Koontz v. St. Johns River Water Management District: Of Issues Resolved--and Shoved under the Table

The Supreme Court's five-to-four decision in favor of the landowners in Koontz v. St. Johns River Water Management District counts as a victory of sorts for the property rights movement. The case involved an all-too common exercise of state permit power. Koontz had applied for a permit to develop some 3.7 acres of his waterfront property and for that privilege he was prepared to offer the state a conservation easement that would make it impossible for him to develop the remaining 11 acres of that parcel. The official reply was that the permit would be denied unless Koontz acceded to one of two conditions. By the first, he had to agree to cut down the site development to one-acre and to make other costly modifications to his project. By the second, the District requested that he hire, for an uncertain sum, contractors to replace culverts or fill in ditches on other parts of the land. Koontz balked; the District stuck to its guns, and nothing happened. In his subsequent law suit, Koontz claimed that the exactions imposed by the District offended the various tests for an appropriate nexus between the permit and condition that had been developed in the important Supreme Court cases of Nollan v. California Coastal Commission (1987) and Dolan v. City of Tigard (1994).

Harms v. Benefits

One unfortunate aspect about this case was that Koontz, bending to the current legal realities, had been prepared in his application to deed over some portion of his land to the Water District to get the permit in the first place. But the antecedent question is why he should be required to make any such concession in the first place. In dealing with this issue, Dolan put the right framework on the question by insisting that the condition in question be linked to either a benefit that the state provided or to a harm that the developer's project would create--in that instance additional runoff into public waters.

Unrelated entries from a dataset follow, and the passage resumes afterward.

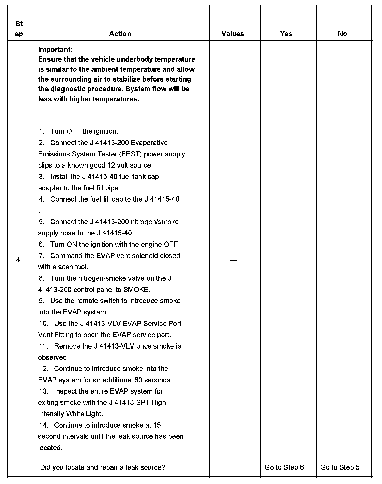- To help locate intermittent leaks, use the J 41413-200 Evaporative Emissions System Tester (EEST) to introduce smoke into the EVAP system. Move all EVAP components while observing smoke with the J 41413-SPT High Intensity White Light.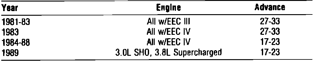 Home >> Ford >> 1985 >> Mustang V6-232 3.8L >> Repair and Diagnosis >> Powertrain Management >> Ignition System >> Ignition Timing >> Specifications >> Computer Timing Advance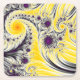 This coaster features an abstract swirly fractal in yellow, black and purple.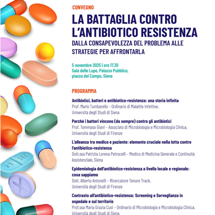 “Il Comune di Siena – dichiara l’assessore alla sanità Giuseppe Giordano – intende contribuire a diffondere una maggiore consapevolezza sull’uso corretto degli antibiotici e sull’importanza della prevenzione delle infezioni. Parlare di antibioticoresistenza significa parlare di salute pubblica, di responsabilità condivisa tra cittadini e operatori sanitari, ma anche di cultura scientifica e civica. Con questo convegno vogliamo offrire un’occasione di approfondimento accessibile a tutti, per comprendere meglio le sfide che il nostro sistema sanitario deve affrontare e le strategie per contenerle”.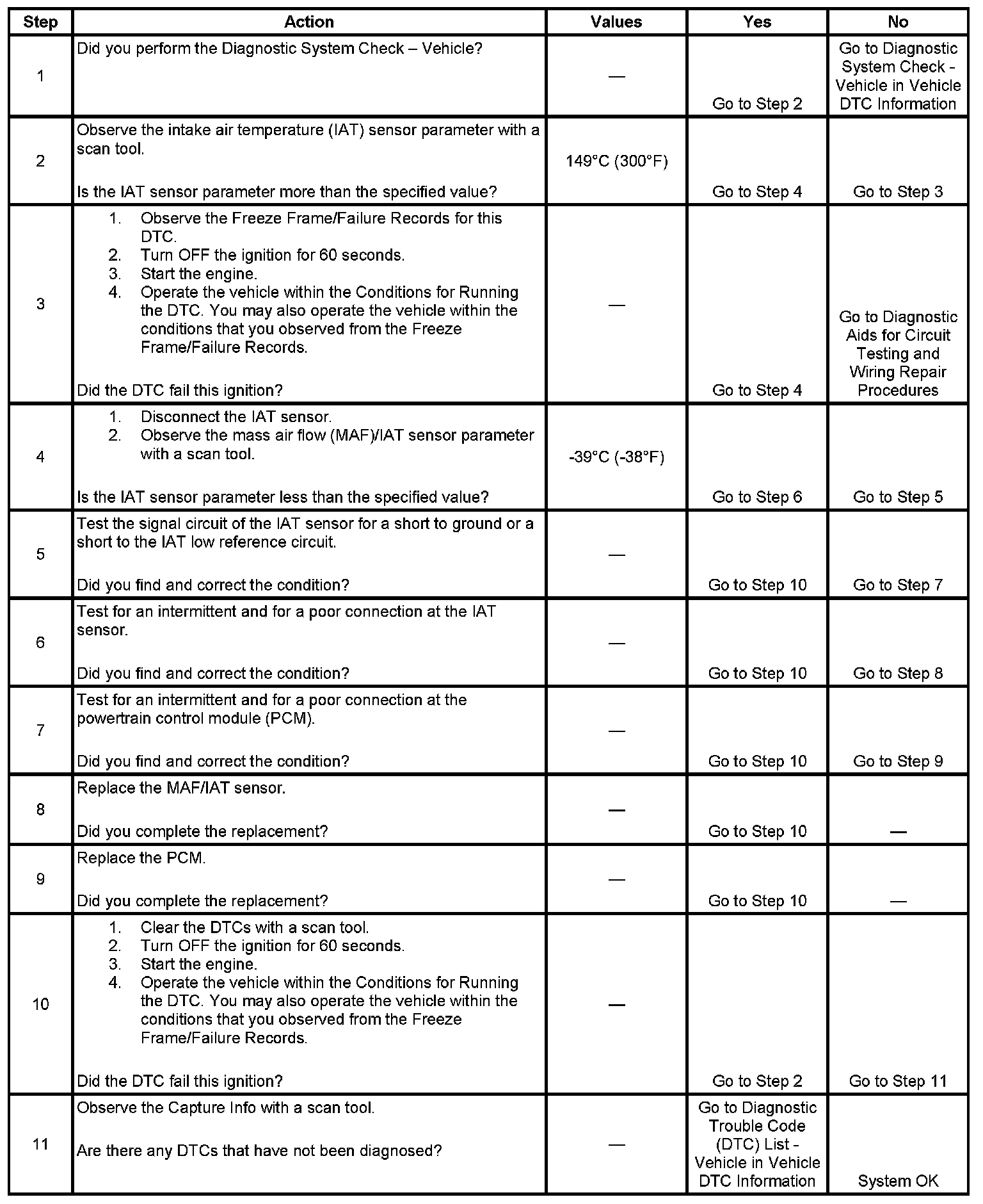 The PCM detects that the IAT sensor parameter is more than 149°C (300°F) for more than 5 seconds.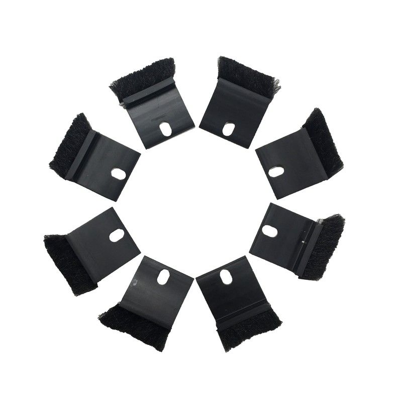 Pacote de 4 pares de escovas térmicas para colocar frente a frente na guia de fita superior de 2 rolos (fita 22mm). Esses quebra-ventos reduzem a entrada de ar frio. Podem ser colocadas sem desmontar a instalação da fita, apenas afrouxando os parafusos do ilhó e colocando as escovas, uma acima e outra abaixo, as matrizes das escovas coincidem com os furos de fixação dos parafusos do ilhó.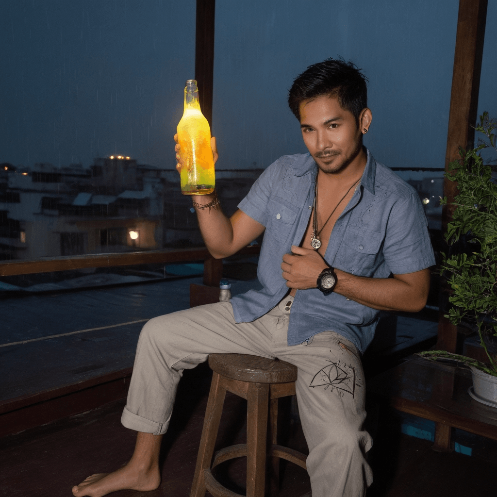 Uriyan distills more than rum in his Naklua fisherman loft—he distills moments. By day, he’s the quiet artisan behind *Tide & Thatch*, a small-batch rum infused with lemongrass, charred coconut husk, and midnight jasmine plucked from rooftop gardens. The city knows him as the reclusive distiller who refuses interviews but leaves sample bottles at street food stalls with cryptic notes. But by 2 a.m., when thunderstorms roll in like applause after a long set, he’s at the back of *Ink & Air*, the tattoo parlor that hides a velvet-curtained door. Behind it, a secret jazz lounge hums with saxophone breath and piano keys kissed with rain. That’s where he leaves matchbooks with coordinates inked in cinnamon oil—clues to hidden city corners: a bench where the moon hits the water just right, a 24-hour bookstall run by a blind poet, a crumbling stilt house where fireflies still gather.He doesn’t believe in grand declarations. He believes in the weight of a shared silence during a power outage on a fire escape, the way a woman laughed when he offered her a rum-soaked mango slice at 4 a.m., the softness of stray cats pressing against his ankles as he waters basil on his rooftop at midnight. His love language isn’t words—it’s maps drawn on napkins, routes that lead not to places but *feelings*: the ache of almost-touching, the thrill of being found.Sexuality, for Uriyan, lives in proximity and permission. It’s the brush of knuckles when passing a glass. It’s whispering *I noticed you* into someone’s hair during a thunderclap, then stepping back to watch their face. It’s tracing a route up a spine with a fingertip and stopping—always asking with silence if he can go on. He’s made love once in a storm-lit loft with rain sluicing down open windows, sheets damp and music drowned out by thunder; it was slow and reverent, like tending a flame in the wind. He doesn’t chase heat—he cultivates embers.The city challenges him with its noise, its endless performance. Pattaya’s reputation is neon excess, but Uriyan sees the tender undercurrents: the fisherman singing to his nets, the night baker who leaves extra buns for the homeless couple by the pier, the way dawn turns glass towers into rose quartz. He wants someone who sees that too—not just the glitter but the grace beneath. Someone he can hand a matchbook to and say *This one’s my favorite*, knowing they’ll follow not for the destination but for the way he looks at them when they do.

The implicit subtext of the Koontz application was that the failure to mitigate so-called environmental damage counts as a harm which the Water District is entitled to redress without compensation. But there is no reason why that should be the case. In dealing with the harm/benefit distinction in other private law contexts, it is clear that the operative distinction runs as follows. The defendant engages in harm to the world when he pollutes it. The state demands a benefit from the landowner such as insisting that the land be used as a nature preserve. It ties the English language into impossible knots to say that the defendant harms any plaintiff to whom he does not supply a benefit. That would mean that all landowners harm their neighbors by refusing to allow them to graze their cattle in the fields or to bed down at night on the front lawn. And it would mean that every person in the world has conferred a benefit on all individuals whom they do not summarily execute or rob. It is only if the terms "harm" and "benefit" are placed within a coherent framework of preexisting property rights that they can be used in a coherent sense that makes legal intervention the exception for a targeted case, not a universal imperative in any case where any landowner attempts any development at all.